Exercise directions:
Please copy every record below exactly, leaving out the pictures.

Task material Block Start

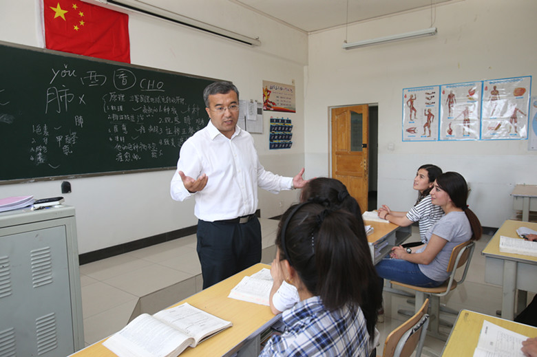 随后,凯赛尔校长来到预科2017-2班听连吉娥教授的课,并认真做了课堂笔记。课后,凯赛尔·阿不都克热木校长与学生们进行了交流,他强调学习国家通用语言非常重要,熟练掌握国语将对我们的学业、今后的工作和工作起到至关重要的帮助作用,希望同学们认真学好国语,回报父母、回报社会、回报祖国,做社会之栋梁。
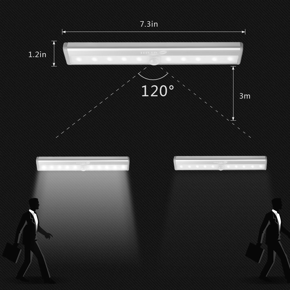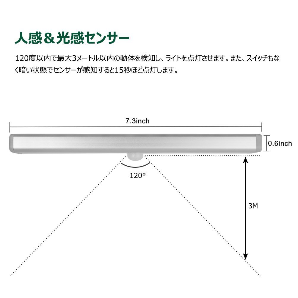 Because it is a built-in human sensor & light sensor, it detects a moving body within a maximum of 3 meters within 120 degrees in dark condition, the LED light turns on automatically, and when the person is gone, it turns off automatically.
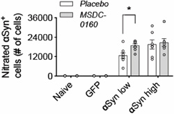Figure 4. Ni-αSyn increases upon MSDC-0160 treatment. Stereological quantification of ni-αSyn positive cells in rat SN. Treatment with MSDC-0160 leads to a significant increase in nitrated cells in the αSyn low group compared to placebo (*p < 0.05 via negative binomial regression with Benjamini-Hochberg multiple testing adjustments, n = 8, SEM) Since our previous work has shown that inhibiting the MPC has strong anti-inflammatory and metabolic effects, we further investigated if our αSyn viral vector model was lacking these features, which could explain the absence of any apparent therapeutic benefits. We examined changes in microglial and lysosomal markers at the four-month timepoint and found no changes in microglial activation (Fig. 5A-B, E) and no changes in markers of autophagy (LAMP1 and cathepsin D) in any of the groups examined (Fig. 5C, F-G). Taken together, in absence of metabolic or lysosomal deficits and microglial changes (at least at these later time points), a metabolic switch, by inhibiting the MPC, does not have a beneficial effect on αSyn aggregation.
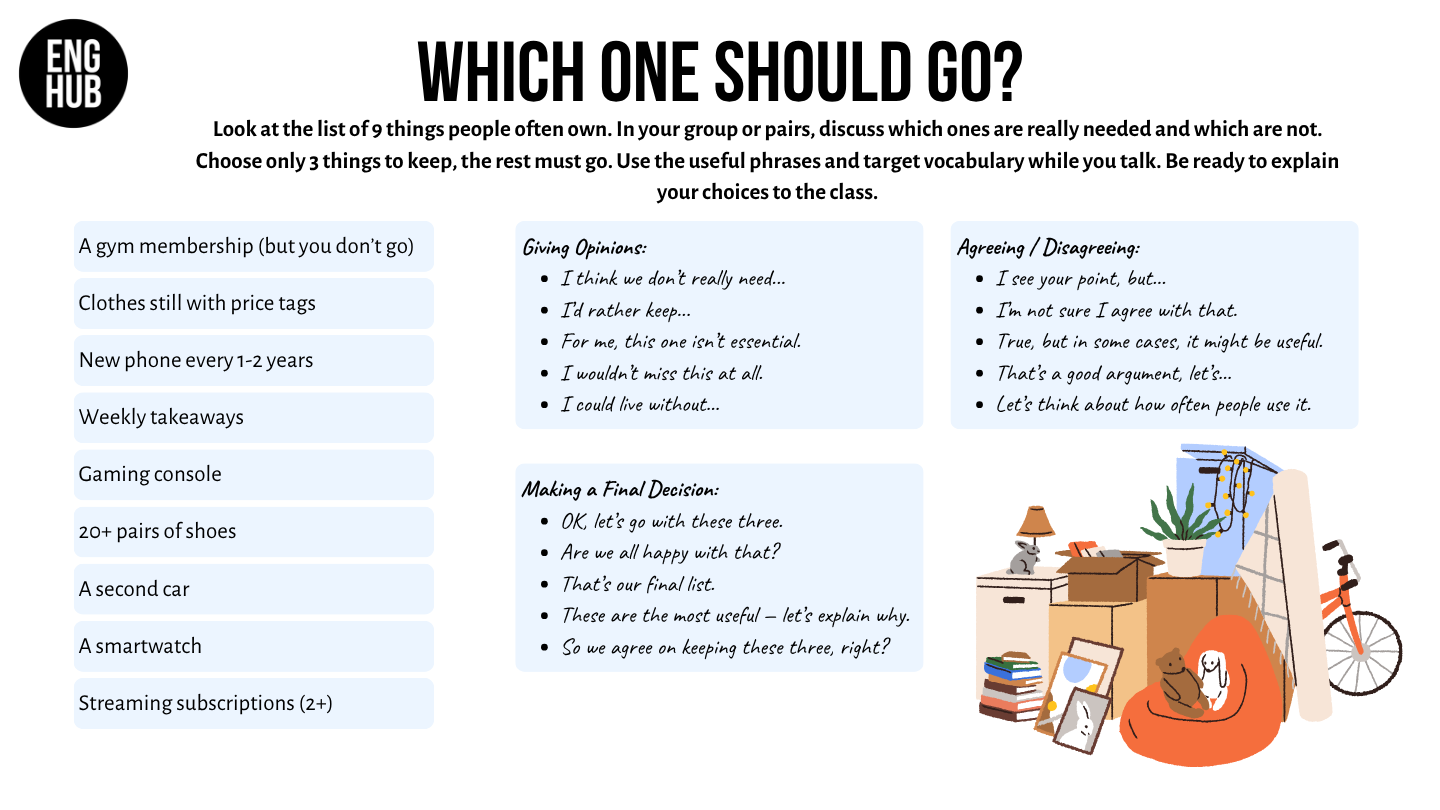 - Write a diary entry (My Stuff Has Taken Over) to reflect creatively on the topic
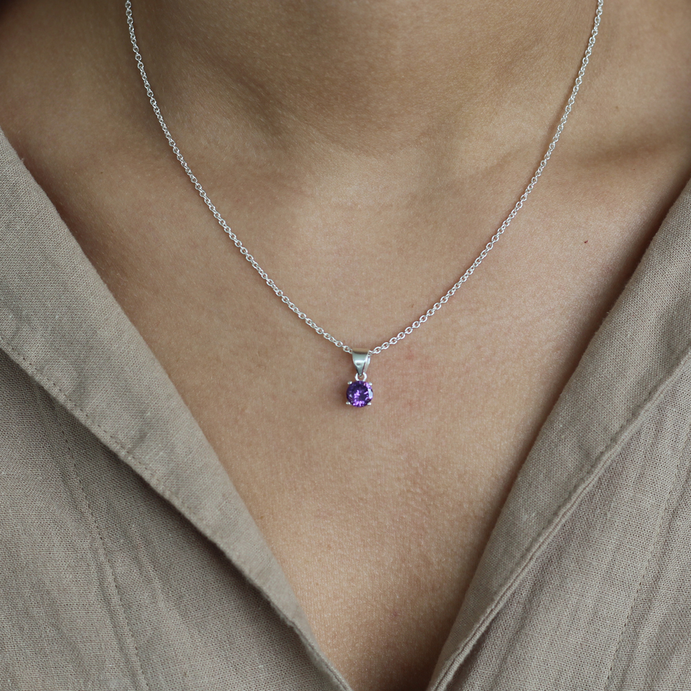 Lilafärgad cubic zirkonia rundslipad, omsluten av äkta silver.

Task material Block End

Output of the task:
 随后,凯赛尔校长来到预科2017-2班听连吉娥教授的课,并认真做了课堂笔记。课后,凯赛尔·阿不都克热木校长与学生们进行了交流,他强调学习国家通用语言非常重要,熟练掌握国语将对我们的学业、今后的工作和工作起到至关重要的帮助作用,希望同学们认真学好国语,回报父母、回报社会、回报祖国,做社会之栋梁。
 Because it is a built-in human sensor & light sensor, it detects a moving body within a maximum of 3 meters within 120 degrees in dark condition, the LED light turns on automatically, and when the person is gone, it turns off automatically.
Figure 4. Ni-αSyn increases upon MSDC-0160 treatment. Stereological quantification of ni-αSyn positive cells in rat SN. Treatment with MSDC-0160 leads to a significant increase in nitrated cells in the αSyn low group compared to placebo (*p < 0.05 via negative binomial regression with Benjamini-Hochberg multiple testing adjustments, n = 8, SEM) Since our previous work has shown that inhibiting the MPC has strong anti-inflammatory and metabolic effects, we further investigated if our αSyn viral vector model was lacking these features, which could explain the absence of any apparent therapeutic benefits. We examined changes in microglial and lysosomal markers at the four-month timepoint and found no changes in microglial activation (Fig. 5A-B, E) and no changes in markers of autophagy (LAMP1 and cathepsin D) in any of the groups examined (Fig. 5C, F-G). Taken together, in absence of metabolic or lysosomal deficits and microglial changes (at least at these later time points), a metabolic switch, by inhibiting the MPC, does not have a beneficial effect on αSyn aggregation.
 - Write a diary entry (My Stuff Has Taken Over) to reflect creatively on the topic
 Lilafärgad cubic zirkonia rundslipad, omsluten av äkta silver.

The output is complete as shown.